Provided data -
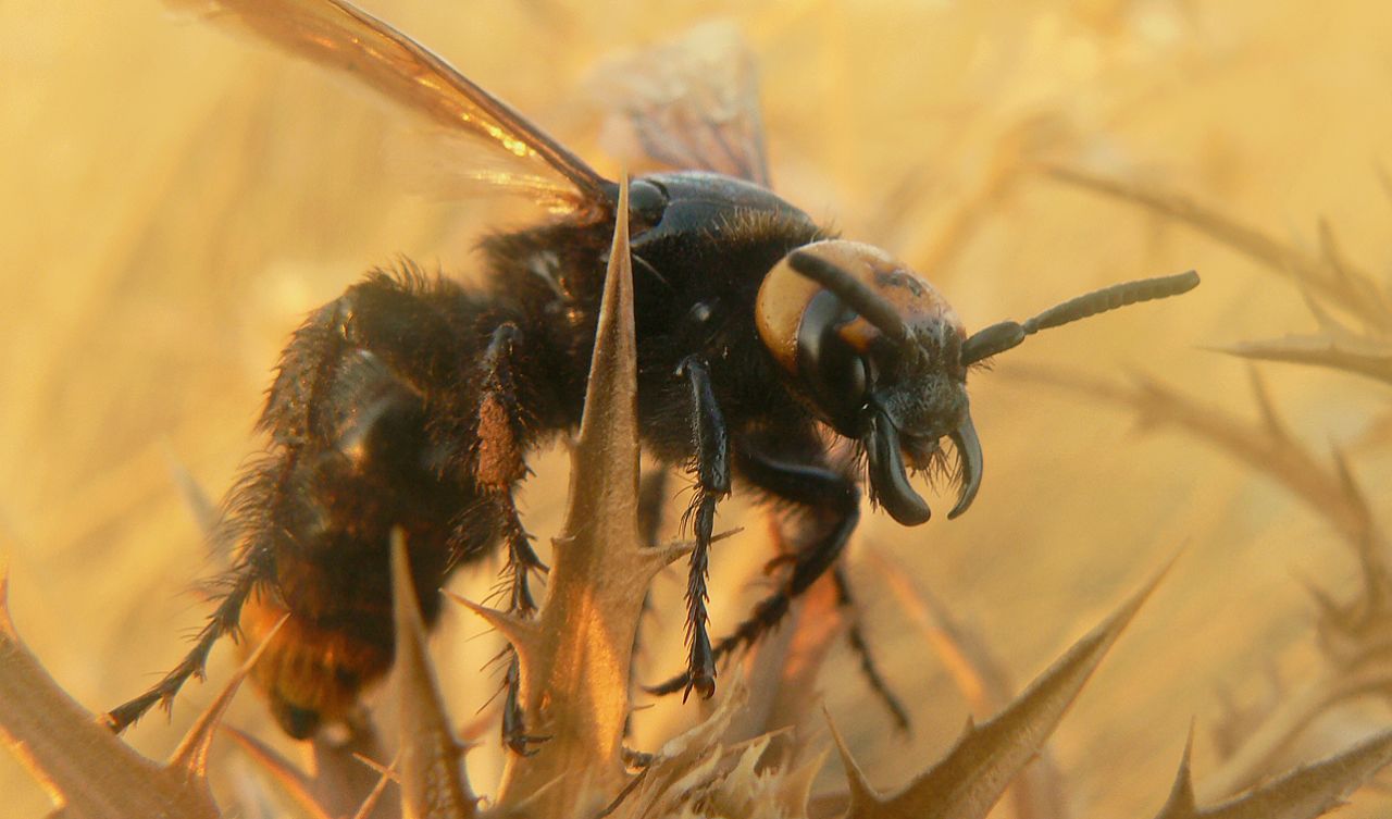 ... a mammoth wasp ... this one I photographed in the evening ... I remember the occasion ... there was a party on the beach ... and while wandering around with a joint, I came across the wasp, it eas very calm, preparing for the night rest and so I had a good opportunity for a shot ...
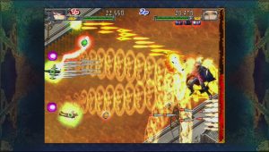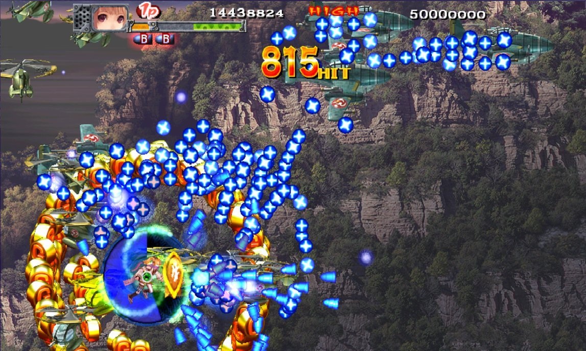 In the top left corner of the screen, there is a picture of the current pilot, along with a segmented gold bar on the left and a green bar on the right, with a few B icons underneath it. The gold bar represents the number of lives the player has remaining. Each segment represents a life, and when it hits zero, it is Game Over. The green bar to the right is the Energy Gauge. Collecting energy items from enemies will cause this gauge to fill, allowing the player to transform into Phantom Mode. If a player loses a life, they will lose a segment of the gold bar, but in turn extends the green Energy Gauge. The “B” icons underneath the player’s Life Gauge represents the number of bomb items the player has.
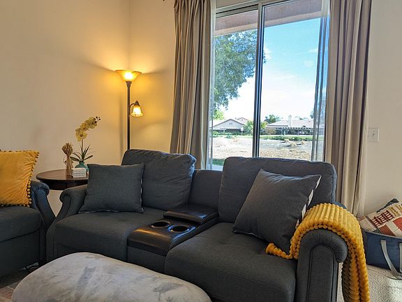 This property is located inside Indian Palms Country Club, a beautiful, serene, and gated community offering 24-hour security guard service. The residence consists of 2 bedrooms, 2 bathrooms, a kitchen, living and dining rooms, an open backyard, and an attractive front yard. The master suite has direct patio access, a large walk-in closet, and a separate tub and step-in shower. There is a laundry room with a washer, dryer, and a utility sink. The garage is capable of parking two vehicles, with a golf cart port that can be utilized for storage or other purposes.
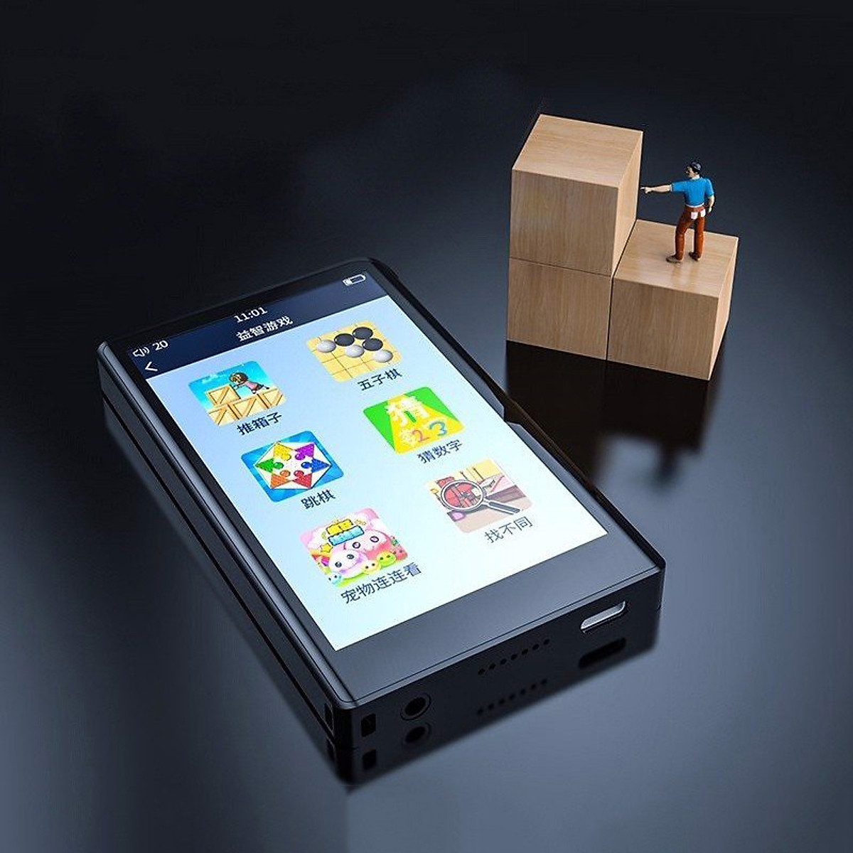 - Máy nghe nhạc Ruizu C3 thiết kế gọn nhẹ mặt lưng xuyên thấu và đèn nền xung quanh, màn hình cảm ứng 2.4 inch mặt kính trong mang lại hình ảnh sắc nét, từ điển dành
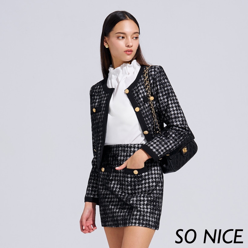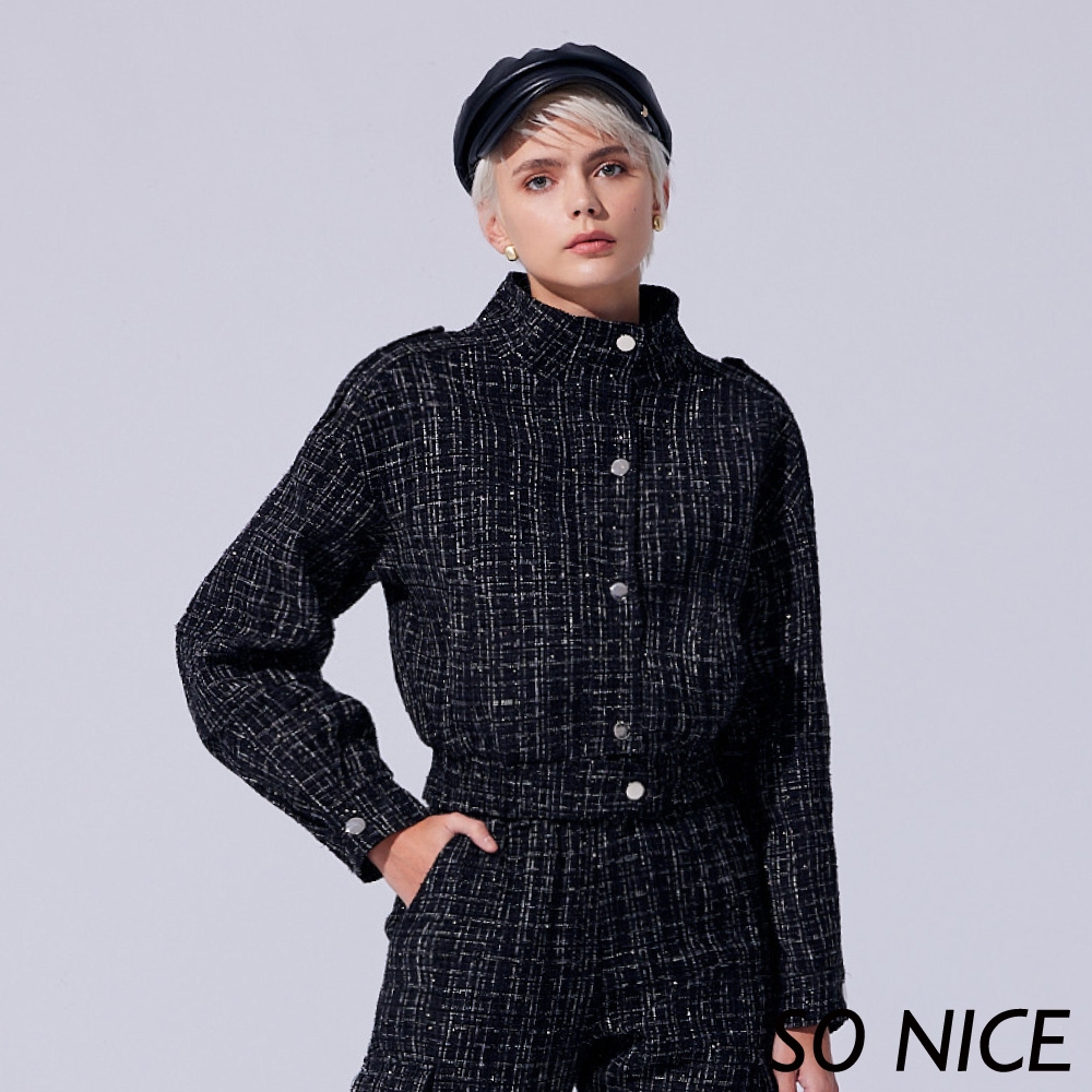 SO NICE【特惠】小香風銀蔥毛呢格紋短版外套|小香風女裝|都會時尚女裝【58345009】黑,36(S)|黑,38(M)|黑,40(L)|黑,34(XS)OthersSO NICE 官方旗艦店

What needs to be done - Starting with the line that contains "- Máy nghe nhạc", print every remaining line of the records above, exactly as it stands. Do not print the pictures.

Solution -
 - Máy nghe nhạc Ruizu C3 thiết kế gọn nhẹ mặt lưng xuyên thấu và đèn nền xung quanh, màn hình cảm ứng 2.4 inch mặt kính trong mang lại hình ảnh sắc nét, từ điển dành
 SO NICE【特惠】小香風銀蔥毛呢格紋短版外套|小香風女裝|都會時尚女裝【58345009】黑,36(S)|黑,38(M)|黑,40(L)|黑,34(XS)OthersSO NICE 官方旗艦店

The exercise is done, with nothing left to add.